Алексей Варламов, ректор Литературного института: «Не стоит лишний раз возбуждать общественный интерес и создавать информационный повод».
А. Бородкин
―
Мне почему-то кажется, к сожалению, что все эти высказывания о чём-то немножко другом. То есть цель этого издания прямо противоположна тому, о чём говорит Алексеева в том числе: как раз блокировка некоторого опыта, мифологического чтения книжки Гитлера.
А. Иванов
―
Правительство Баварии, тем не менее, на стороне Алексея Варламова.

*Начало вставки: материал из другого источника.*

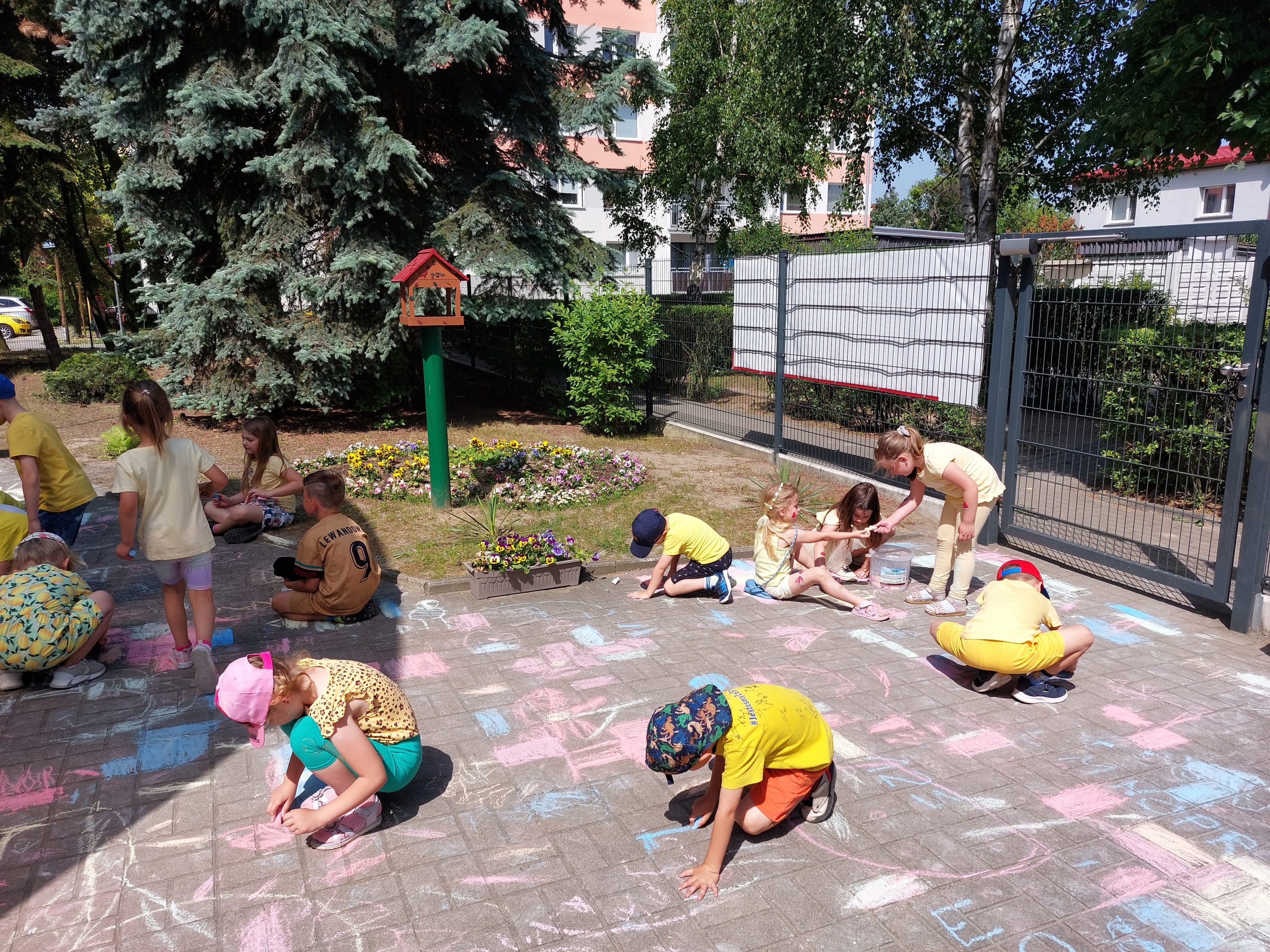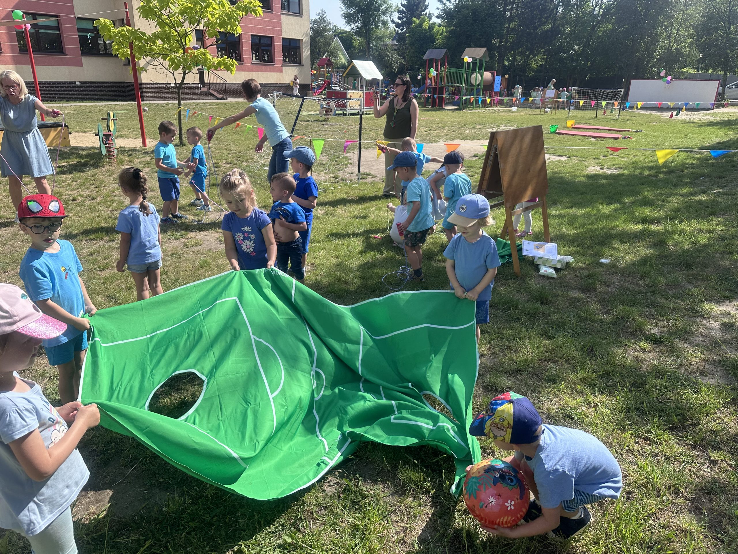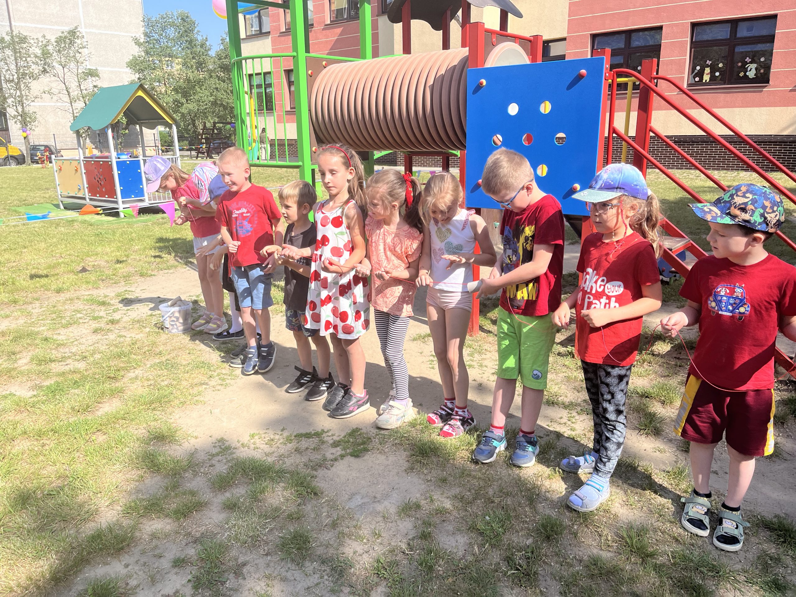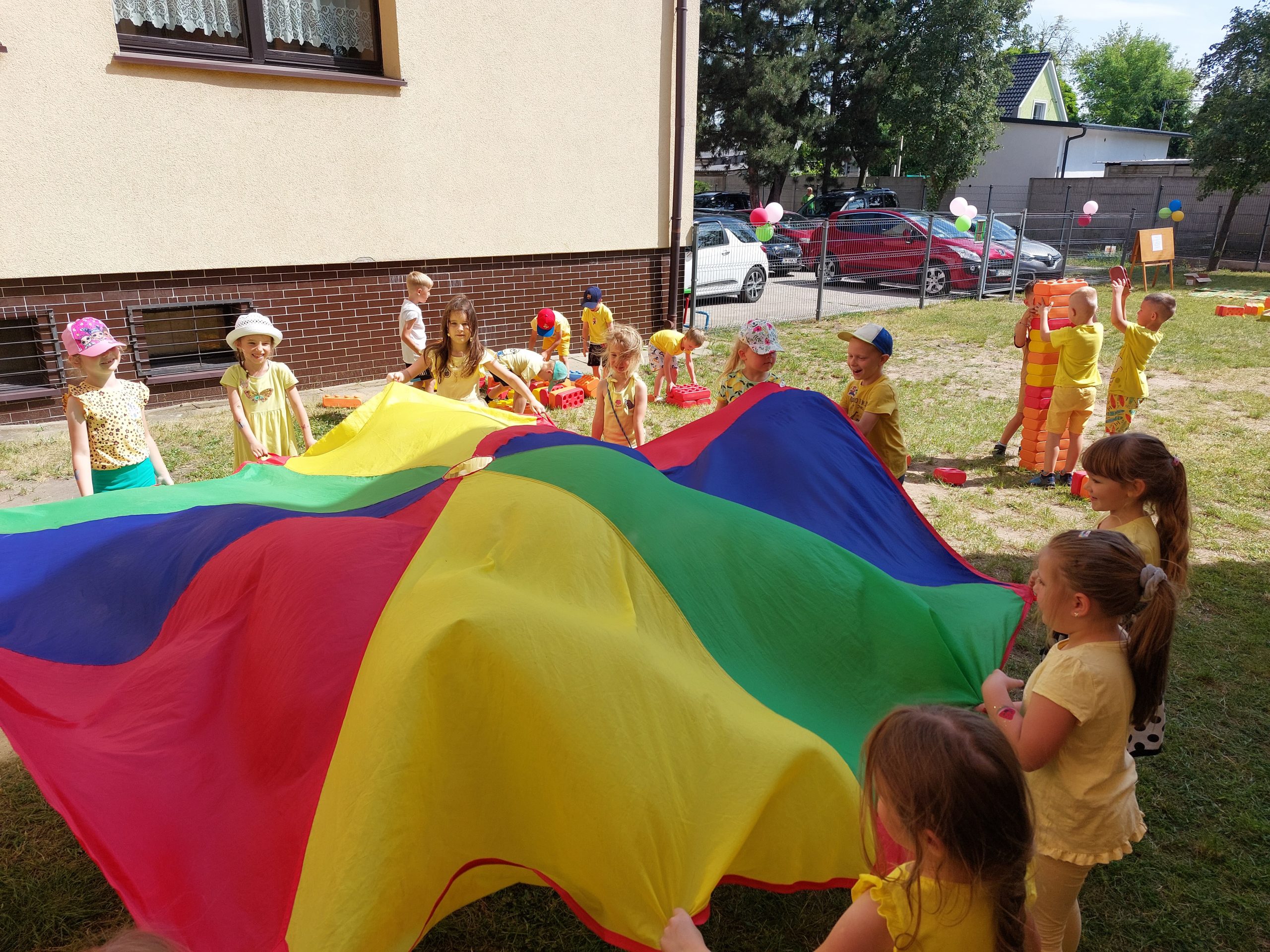 22 maja obchodziliśmy w naszym przedszkolu Kolorowy Dzień. Tym samym zaczynamy tygodniowe obchody Dnia Dziecka. W dzisiejszym dniu czekało na dzieci wiele kolorowych atrakcji. Plac zabaw zamienił się w miejsce gier, zabaw i ciekawych atrakcji zupełnie innych niż na codzień. Każda grupa w tym dniu miała na sobie ubrany inny kolor – w połączeniu udało nam się utworzyć piękną tęczę. Po życzeniu udanej zabawy przez Panią Dyrektor dzieci rozpoczęły kolorową przygodę.  W pierwszej strefie dzieci zdobiły chodnik prowadzący do wejście naszej placówki. W drugiej strefie czekały na dzieci zabawy ze skakankami, gumami do skakania, chustami animacyjnymi(boiska piłkarskie). W trzeciej strefie dzieci tworzyły kreatywne postacie z bajek mydlanych. W czwartej strefie czekały na dzieci układanki lewopółkulowe XXL, a także ciekawe zabawy z kolorami – plansze edukacyjne. W tej strefie Rodzice naszych przedszkolaków zaskoczyły dzieci malowaniem twarzy/ rąk, tatuażami i naklejkami dla wszystkich dzieci. W piątej i szóstej strefie czekały na dzieci zabawy zręcznościowe. W 7 strefie dzieci miały możliwość dostarczyć sobie wrażeń sensorycznych, gdzie do pokonania miały naturalną ścieżkę sensoryczną. W ostatniej ósmej strefie na dzieci czekały zabawy kreatywne z klockami maxi, kręglami maxi, a także zabawy z chustą animacyjną. To był udany dzień, pełen wrażeń, pogoda dopisała. Na podwieczorek czekały na dzieci kolorowe, tęczowe galaretki. Dziękujemy Radzie Rodziców za pomoc i ufundowanie artykułów potrzebnych do realizacji tego dnia.

И я думаю, что здесь есть своя правда в такого рода высказываниях. Конечно, мы имеем дело с неокончательно застывшей лавой, то есть, если немножко потереть, то там будет очень горячо. А там, где горячо, там всё время нужно быть очень осторожным. И эта осторожность — как в запретах, так и в идее разрешить всё — она должна присутствовать каждый раз, меняясь в зависимости от исторического, политического контекста, о котором идёт речь.
Л. Гулько
―
Кстати, Александр Сокуров говорит: «Можно ли быть уверенным, что сейчас, когда Европа на грани нервного срыва от наплыва мигрантов, перепечатывать эту книгу нужно? Абсурдное поведение людей, на мой взгляд, связано с их политической непросвещённостью. Если вся та муть, которая есть внутри текста „Mein Kampf“, страшная и очень опасная, будет, как в анатомическом театре, раскладываться, анализироваться нормальным человеческим языком без зауми, то убережём значительное число людей от нацизма. Гораздо большее, чем если будем запрещать публикацию», — считает Александр Сокуров.
А. Иванов
―
Это как научные эксперименты с очень страшными вакцинами: с сибирской язвой, чумой и так далее. Понятно, что если допустить непрофессионала к этому экспериментальному материалу, то он просто умрёт. То есть нужна профессиональная работа, и нужна она для того, чтобы изобрести вакцину от этих заболеваний. В данном случае филологи и историки изобретают некоторую «вакцину», которая позволит уже журналистам и прочим людям понимать, с какого рода опасностью в этом тексте они имеют дело, и не спонтанно, эмоционально, а более рационально и более научно реагировать на такого рода опасности.
Л. Гулько
―
Пофантазируем. Если бы эта книга с научными комментариями, переведённая на русский язык, появилась у нас в стране, в книжных магазинах, в том числе в ваших, Алексей, она появилась бы?
А. Бородкин
―
В такой форме, в которой её предлагают издать, то я думаю, что да. А в форме просто того, что какое-то издательство вдруг в силу того, что это разрешили, выбросит на рынок просто какой-то экземпляр абсолютно без комментариев — конечно, нет.
А. Иванов
―
Здесь очень важна буквально любая мелочь. Возьмите такую мелочь, как дизайн такого рода книг. Есть дизайн, который является дизайном привлекающим, продаваемым дизайном, а есть дизайн научной литературы. И если ты видишь, что вот так издана какая-то книга типа «Mein Kampf», как литпамятник, например, или как памятник политической мысли, то это тоже может по-своему огородить.
Л. Гулько
―
Спасибо огромное! Александр Иванов, гендиректор издательского дома «Ad Marginem», и Алексей Бородкин, владелец книжного магазина, бывший директор библиотеки имени Достоевского, были у нас в гостях. Вёл передачу Лев Гулько. Спасибо!